I have two equations, first says the sum of x and y equals a constant or invariant D,
$$x+y=D$$
Second formula writes the multiplication of those variables x and y in the form of D,
$$xy=(D/2)^2$$
When you sum both we obtain:
$$x+y+xy=D+(D/2)^2$$
After this, as we graphic this result we see that we want the first equation to have more "power" reason why it's multiplied by a leverage χ obtaining:
$$χ(x+y)+xy=χD+(D/2)^2$$
Now we want to make χ dimensionless and not depending on the amount in x and y.(so that x=4, y=6 work the same as x=40, y=60, only the relation is relevant) So for example if we set D=10, χ=1 we would obtain the same graphic result as if we do D=100, χ=1. (Because the relation in % is the same for x,y) In order to this instead of multypling the first equation by χ we do it by χD, obtaining:
$$χD(x+y)+xy=χD^2+(D/2)^2$$
Which actually works as intended, my question is, why does multypling by D make χ dimensionless?
I understand the objective of making a parameter dimensionless but I do not understand how to obtain that result. Why multiply by D? Is it trial error or how is the deduction made?

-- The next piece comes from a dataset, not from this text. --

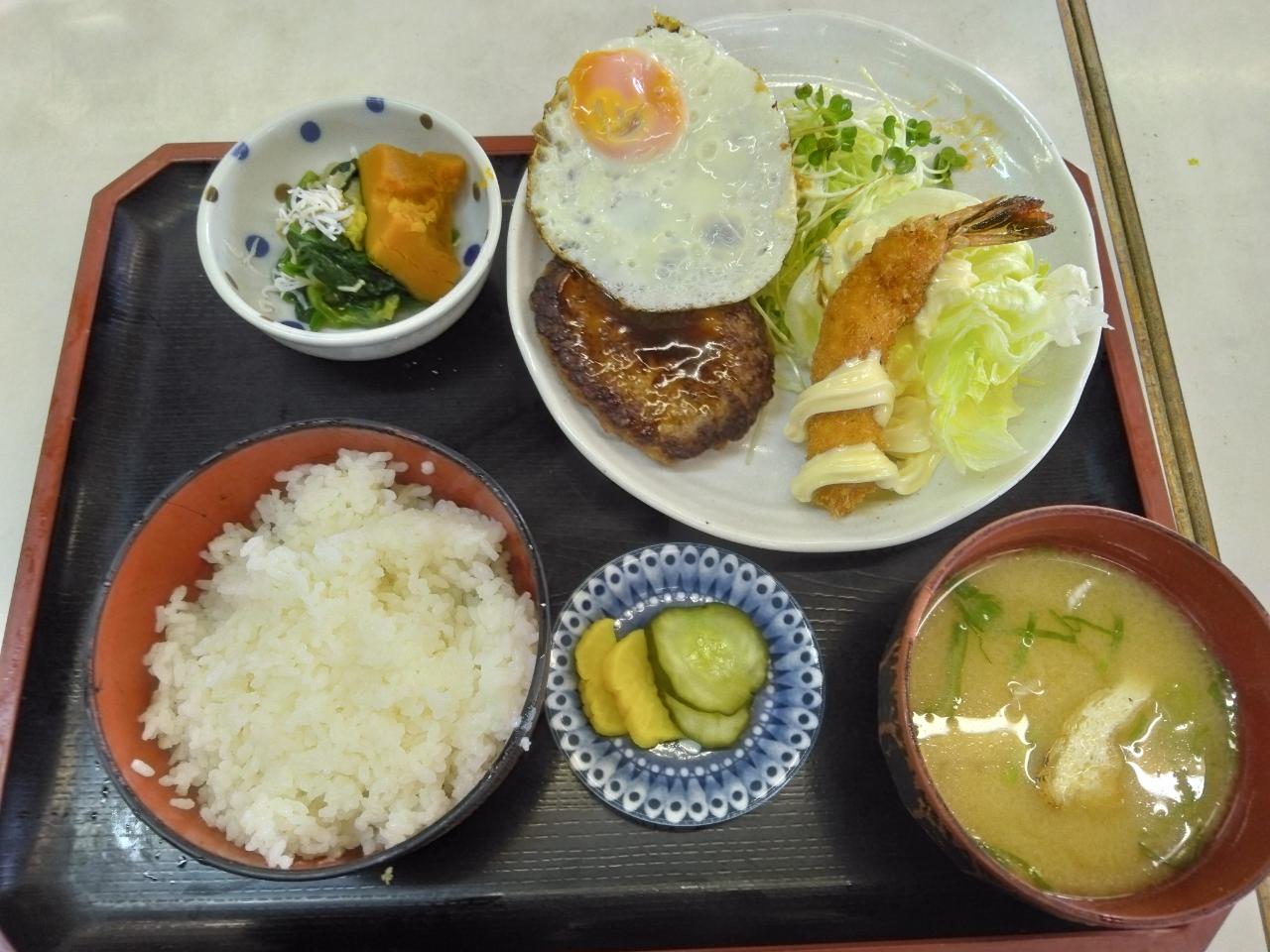 ある日の日替わりランチ2(メイン:ハンバーグ、目玉焼き、エビフライ)

All this I from the StableSwap invariant construction https://classic.curve.fi/files/stableswap-paper.pdf
The first equation $x+y=D$ states that $D$ has the same dimension as $x$ and $y$, and the second equation $xy=D^2/4$ is conforming to to this. In the sum $x+y+xy$ there is a term of dimension $D$ plus a term of dimension $D^2$, so it does not make sense if these were variables in physics. To get the same units in both terms, the simplest way to get a meaningful number with a well-defined unit is to multiply the $x+y$ (which has already dimension $D$) by another $D$ so it has the same $D^2$ dimension as the second.